PROVIDED RECORDS:
= Beginning of Section =

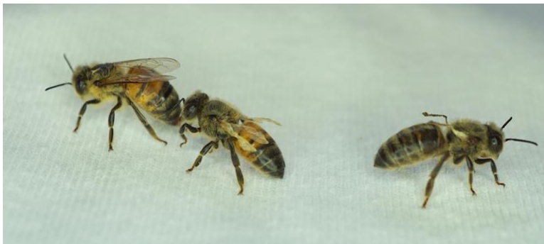
Figure 3. Apparent symptoms of deformed wing virus (DWV), which is one of the many viruses transmitted to bees through Varroa Mites. The worker on the left does not show any outward symptoms but is from the same hive as the other two bees with obvious symptoms.

Varroa mites feed on the honey bee fat body, which weakens host immunity and ultimately impacts bee nutrition, playing an important role in colony overwintering success. Additionally, Varroa mites are also known to transmit numerous viruses. Of the 18 known honey bee viruses, six are of primary concern, including: Deformed Wing Virus (DWV), Black queen cell virus (BQCV), Sac brood virus (SBV), Kashmir bee virus (KBV), Acute bee paralysis virus (ABPV), and Chronic bee paralysis virus (CBPV). However, DWV is now the most frequently observed of these viruses. The prevalence of DWV has caused the identification of European honey bees with symptomatic DWV to be a key indicator of Varroa mite infestation. Aside from the wing deformities that characterize this virus, symptoms of DWV can also include paralysis, abdominal bloating, early death, and learning deficiencies. However, it has been observed that over 99% of bees with DWV are asymptomatic (no wing deformities), making it difficult to grasp disease prevalence in the hive until it is too late. Because DWV can also replicate in European honey bees, it can be passed to eggs through the ovaries and spermatheca of infected queens and drones, and to larval stages through contact with infected nurse bees. Visible infection with DWV
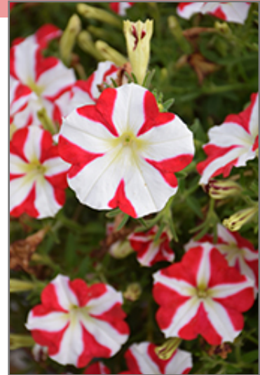
Amore King of Hearts Petunia flowers

Amore King of Hearts Petunia is recommended for the following landscape applications;
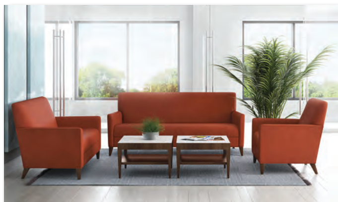
Lounge & Waiting
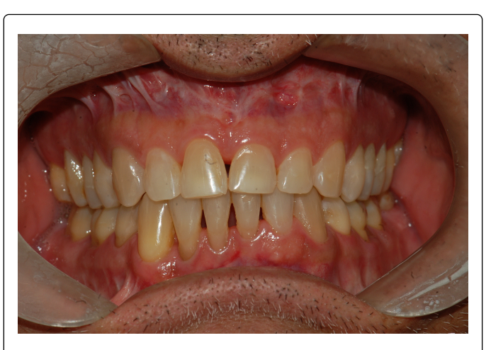
Figure 4: Front aspect of the occlusion after the removal of braces.

OSA is characterized by the total cessation of airflow for a period greater than or equal to 10 s [2], and the treatment goal is to reduce the frequency of occurrence of this obstruction. Several clinical symptoms allow the diagnosis of OSA and many of these symptoms could be observed in the current patient. Despite the typical clinical signs, polysomnography is considered the most reliable diagnostic technique to assess the achievement of OSA treatment goals [6].
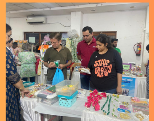
Pankh-Exhibition of articles by specially abled kids
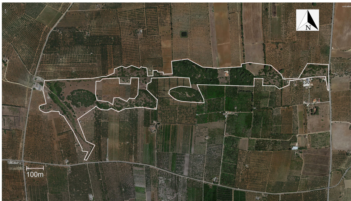
Figure 2. The site of ‘Parche di Bilello’ (source: Google Earth). White line = perimeter of the area where the floristic inventory was carried out; its protection as a new Site of Community Interest is here recommended.
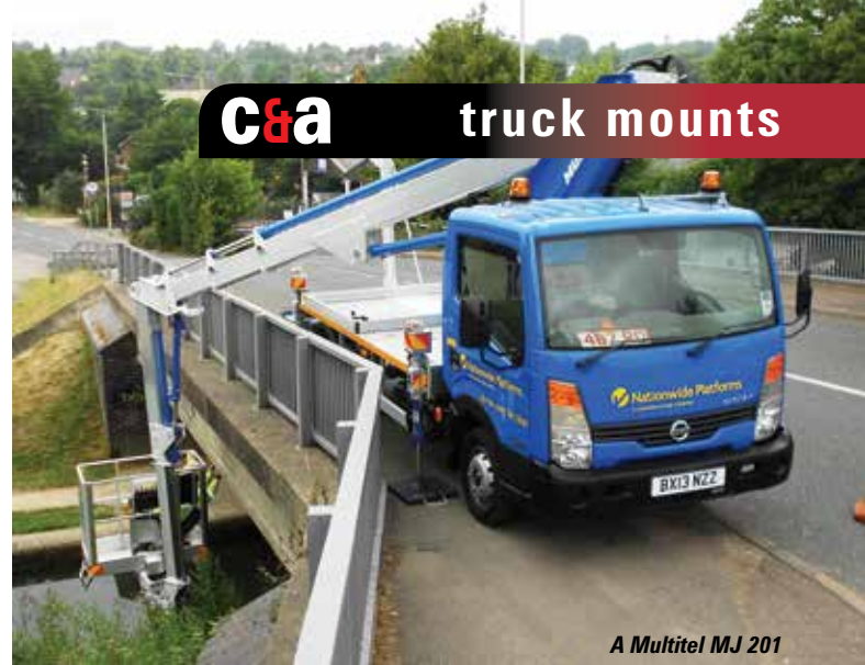
A Multitel MJ 201

platforms with the highest working heights possible for the lightweight chassis. Topping out at 28 metres, that race is long over and Ruthmann can claim to have been the overall winner, while there are a few Italian manufacturers still aiming high the average working heights are now declining as other performance criteria come to the fore - this in spite of the increased use of ultra-high strength steel resulting in lighter booms for a given height. The primary reason for using lighter booms is now to offset the growing
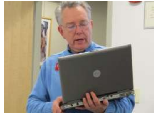
Our Secretary W4GRN hard at work
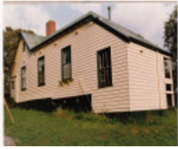
Teachers Residence at State School 1134 Colour 2 - Shire of Eltham Heritage Study 1992
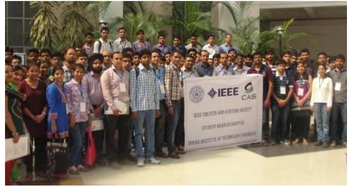
4. Participants and Organizers
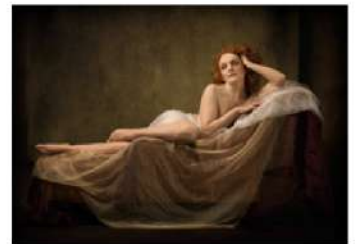
12. Repose Score 24
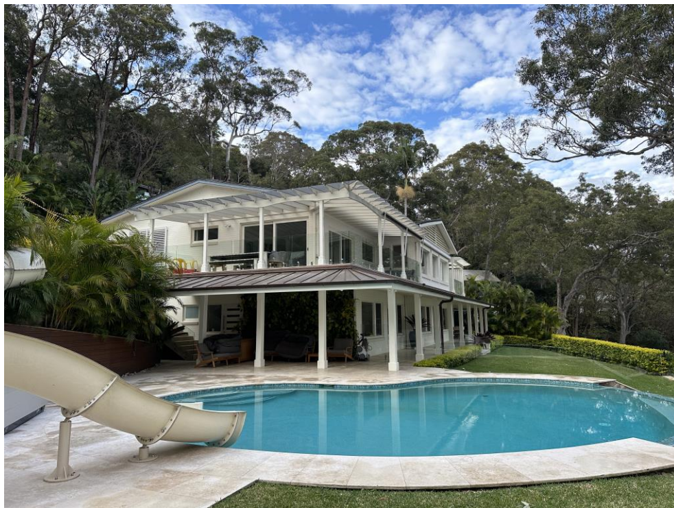
Figure 5: The subject site, looking south-east from the rear garden.

= End of Section =

TASK BRIEF: Reprint the listing above verbatim but drop the images.

RESPONSE AREA:
Figure 3. Apparent symptoms of deformed wing virus (DWV), which is one of the many viruses transmitted to bees through Varroa Mites. The worker on the left does not show any outward symptoms but is from the same hive as the other two bees with obvious symptoms.

Varroa mites feed on the honey bee fat body, which weakens host immunity and ultimately impacts bee nutrition, playing an important role in colony overwintering success. Additionally, Varroa mites are also known to transmit numerous viruses. Of the 18 known honey bee viruses, six are of primary concern, including: Deformed Wing Virus (DWV), Black queen cell virus (BQCV), Sac brood virus (SBV), Kashmir bee virus (KBV), Acute bee paralysis virus (ABPV), and Chronic bee paralysis virus (CBPV). However, DWV is now the most frequently observed of these viruses. The prevalence of DWV has caused the identification of European honey bees with symptomatic DWV to be a key indicator of Varroa mite infestation. Aside from the wing deformities that characterize this virus, symptoms of DWV can also include paralysis, abdominal bloating, early death, and learning deficiencies. However, it has been observed that over 99% of bees with DWV are asymptomatic (no wing deformities), making it difficult to grasp disease prevalence in the hive until it is too late. Because DWV can also replicate in European honey bees, it can be passed to eggs through the ovaries and spermatheca of infected queens and drones, and to larval stages through contact with infected nurse bees. Visible infection with DWV
Amore King of Hearts Petunia flowers

Amore King of Hearts Petunia is recommended for the following landscape applications;
Lounge & Waiting
Figure 4: Front aspect of the occlusion after the removal of braces.

OSA is characterized by the total cessation of airflow for a period greater than or equal to 10 s [2], and the treatment goal is to reduce the frequency of occurrence of this obstruction. Several clinical symptoms allow the diagnosis of OSA and many of these symptoms could be observed in the current patient. Despite the typical clinical signs, polysomnography is considered the most reliable diagnostic technique to assess the achievement of OSA treatment goals [6].
Pankh-Exhibition of articles by specially abled kids
Figure 2. The site of ‘Parche di Bilello’ (source: Google Earth). White line = perimeter of the area where the floristic inventory was carried out; its protection as a new Site of Community Interest is here recommended.
A Multitel MJ 201

platforms with the highest working heights possible for the lightweight chassis. Topping out at 28 metres, that race is long over and Ruthmann can claim to have been the overall winner, while there are a few Italian manufacturers still aiming high the average working heights are now declining as other performance criteria come to the fore - this in spite of the increased use of ultra-high strength steel resulting in lighter booms for a given height. The primary reason for using lighter booms is now to offset the growing
Our Secretary W4GRN hard at work
Teachers Residence at State School 1134 Colour 2 - Shire of Eltham Heritage Study 1992
4. Participants and Organizers
12. Repose Score 24
Figure 5: The subject site, looking south-east from the rear garden.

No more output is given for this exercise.